Integrating the results of these studies helps us answer several questions about the molecular framework of sRCC. First the truncal events and shared genomic aberrations between both the carcinomatous elements and sarcomatoid element seen in both studies confirm that sRCC arises from RCC. Next, the notion that the sarcomatoid element represents a dedifferentiated progression of RCC is supported by the increased overall mutational burden and copy number aberrations seen in the sarcomatoid elements compared to the carcinomatous elements from Bi et al. The increase in aberrations of known cancer genes (TP53, NF2, CDKN2A) also supports the sentiment that the sarcomatoid elements are driving pathogenesis in these tumors. Oda et al. published a study in 1995 reporting a mutation rate of 78.6% (11 of 14) for TP53 in the sarcomatoid elements of sRCC tumors using polymerase chain reaction (32). The carcinomatous elements, or background histology, for this cohort included both mixed and granular subtypes, somewhat limiting the application of these results. While Bi et al. clearly show an enrichment of TP53 aberrations (31.6%) in the sarcomatoid elements among primary ccRCC tumors, caution must be used when interpreting the even more enriched results (42.3%) from the 26 sRCC tumors reported in the Malouf et al. study. The latter study included diverse primary RCC histologies and also included metastatic tumors, which previously have been shown to be enriched for TP53 aberrations irrespective of sarcomatoid features (36). Similarly the finding of increased NF2 mutations occurring in sRCC may also be limited due to the diverse background of primary RCC histologies in this cohort. Our understanding of the molecular composition and the clinical implications of uRCC are both poorly defined and poorly understood. As a significant number of the NF2 and TP53 aberrations occurred in these unclassified tumors, attributing the results to sRCC may be problematic. Another interesting finding is the identification of the two tumors from Bi et al. with mutational signatures consistent with mismatch repair deficiency. Tumors such as these, and maybe even sarcomatoid variants in general, may derive significant benefit from immune checkpoint blockade in the treatment of metastatic disease (37,38). A summary of some of the differences among the tumor cohorts analyzed in these studies can be found in Table 1.
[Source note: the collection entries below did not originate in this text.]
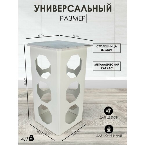 Приставной журнальный столик Callisto mobili М014.1А70 Белый мрамор
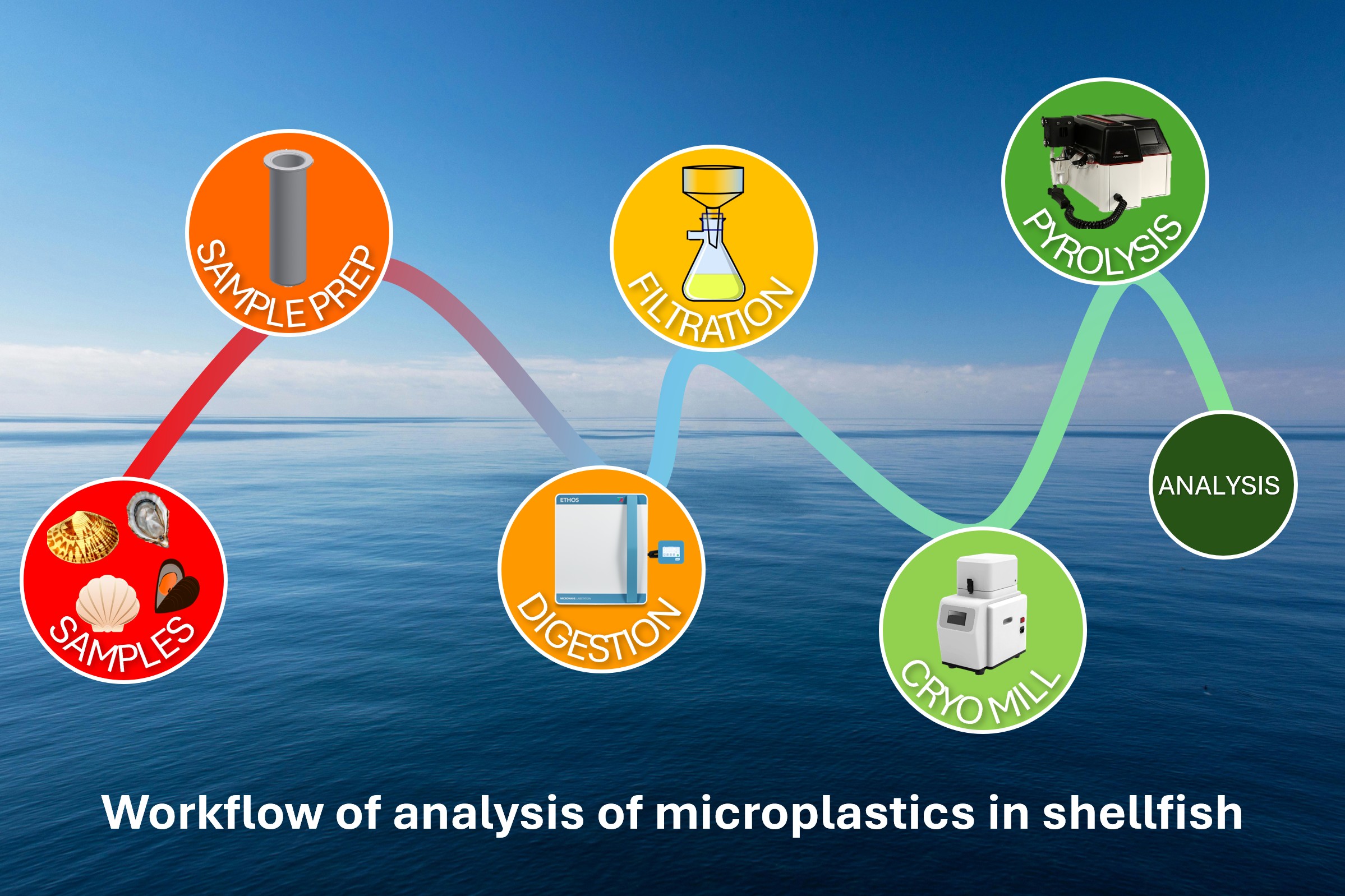 Four types of shellfish were analysed along with six microplastic standards using the new improved method. A linear calibration curve (R2>0.97) was produced using polymer masses between 4.4µg and 16.27µg with an RSD around or under 4% for just 4 runs. Additionally the spiked recovery of polystyrene was between 82 to 85%.
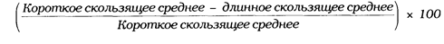 Разность между двумя скользящими средними будет выражена в про центах, если ценовой осциллятор определять путем деления разности между скользящими средними на короткое скользящее среднее:

Table 1 Summary of tumor cohorts
Full table

Both of these studies are novel in their attempt to better understand this very clinically relevant and aggressive disease. However, sRCC is a relatively rare entity, and both studies have small cohorts, which may hinder their generalizability. The rarity of this disease also exposes both studies to significant selection bias. This may include selection of tumors for analysis with the most tissue available (large tumors), those with the most aggressive course (likely to have been sequenced), and likely other confounding variables. The use of different sequencing platforms and the mix of histologies in the Malouf et al. study make pooling and comparing of the results difficult. While the genomic underpinnings of sRCC in approximately 1/3 of patients may be explained by the results of these studies (i.e., TP53, NF2, CDKN2A aberrations), there is still no clear molecular explanation of sRCC development in the majority of cases.

Conclusions

Both Bi et al. and Malouf et al. have conducted and published novel genomic studies of renal tumors with sarcomatoid variant histology. The results have definitively demonstrated that progressive dedifferentiation is the source of the sarcomatoid elements in RCC. They have also identified key genomic aberrations (e.g., TP53, CDKN2A, copy number changes) present in sRCC that may explain its aggressive clinical course and may become potential targets for therapy. We hope future research efforts build upon this work to pursue better treatment and management strategies for patients with this disease.

Acknowledgments

Funding: Supported by the Sidney Kimmel Center for Prostate and Urologic Cancers, the NIH/NCI Cancer Center Support Grant P30 CA008748, the Ruth L. Kirschstein National Research Service Award T32CA082088 (BJM), the Jill and Jeffrey Weiss Fund to the Cure of Kidney Cancer, and the J. Randall & Kathleen L. MacDonald Kidney Cancer Research Fund (JJH).

Footnote

Provenance and Peer Review: This article was commissioned and reviewed by the Section Editor Peng Zhang (Department of Urology, Union Hospital, Tongji Medical College, Huazhong University of Science and Technology, Wuhan, China).

Conflicts of Interest: Both authors have completed the ICMJE uniform disclosure form (available at http://dx.doi.org/10.21037/tcr.2016.07.30). The authors have no conflicts of interest to declare.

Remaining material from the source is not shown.